Trump, Clinton, and the failures of election forecasting

Election season has come and gone. Donald Trump pulled off what has been repeatedly characterized as a “stunning upset” over Hillary Clinton. The web has gone rampant with postmortem analysis about the failures of election polling and forecasting. But was it really that surprising?

Several polls conducted in the lead up to the election reported on the virtually deadlocked race, all well-within any reasonable margin of error:

Quinnipiac University reported on the situation in key battleground states (Nov 2)

Democrat Hillary Clinton’s October momentum comes to a halt as she clings to a small lead in Pennsylvania, while Republican Donald Trump moves ahead in Ohio, leaving Florida and North Carolina too close to call.

Probability forecast models on the other hand were remarkably off-mark and predicted Clinton well-ahead just the night before the election:

  • New York Times Upshot: Clinton 84%, Trump 16%
  • FiveThirtyEight: Clinton 66.9%, Trump 33%
  • PredictWise: Clinton 89%, Trump 11%

I was watching the blitz of last-ditch rallies held by Trump and Clinton the night before election day. The candidates expressed incompatible sentiments about their chances to win. Here is a revealing segment from Trump’s penultimate rally in New Hampshire (8pm on Nov 7):

We are going right after this to Michigan, because Michigan is in play… The polls just came out: we are leading in Michigan; we are leading in New Hampshire; we are leading in Ohio; we are leading in Iowa; leading in North Carolina; I think we are doing really, really well in Pennsylvania; and I do believe we are leading in Florida.

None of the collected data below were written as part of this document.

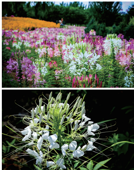
文瀛湖风景区的醉蝶花

近日，记者走进文瀛湖风景区，成片的醉蝶花美不胜收。醉蝶花的花梗长而壮实，花茎细长，花朵呈开放式，由4枚椭圆形花瓣组成扇形，数条细长的花蕊从花瓣中间伸出并下垂，形似展翅的蝴蝶。醉蝶花自下而上一层层绽放，形成一个丰满的花球。花丛中，蜜蜂忙着采蜜，蝴蝶翩翩起舞，构成一幅极美的生态画卷。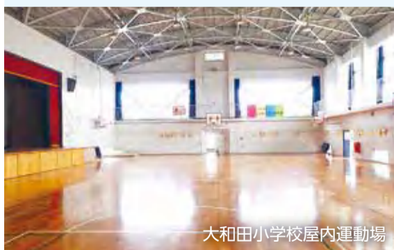
大和田小学校屋内運動場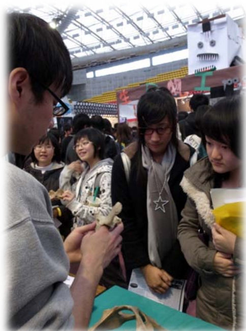
特地前來幫忙的大五學長為高中生解說骨骼學

In the meantime, according to the New York Times:

Mrs. Clinton’s campaign was so confident in her victory that her aides popped open Champagne on the campaign plane early Tuesday.

Either way, each candidate and their popular base was clearly happy to live in their own reality right down to the wire. Some personal take-aways from this whole affair:

  • The law of total variance for polling. Uncertainty about polling results is best understood not by not only assessing the variance within a single poll, but the studying the variance across multiple competing polls.

  • Forecasting is an enormously complex empirical problem. Formal statistical methods are unable to accurately quantifying uncertainty around the web of non-statistical effects that ultimately influence a voter’s decision at the ballot box.

  • A common reaction was for people to blame journalists and cancel their newspaper subscriptions. Well-informed voters should not derive the bulk of their information from cursory reading of social or national news media. They are conscious in their critique of information, especially of numbers and “facts” that are confirmatory of their own hopes and beliefs.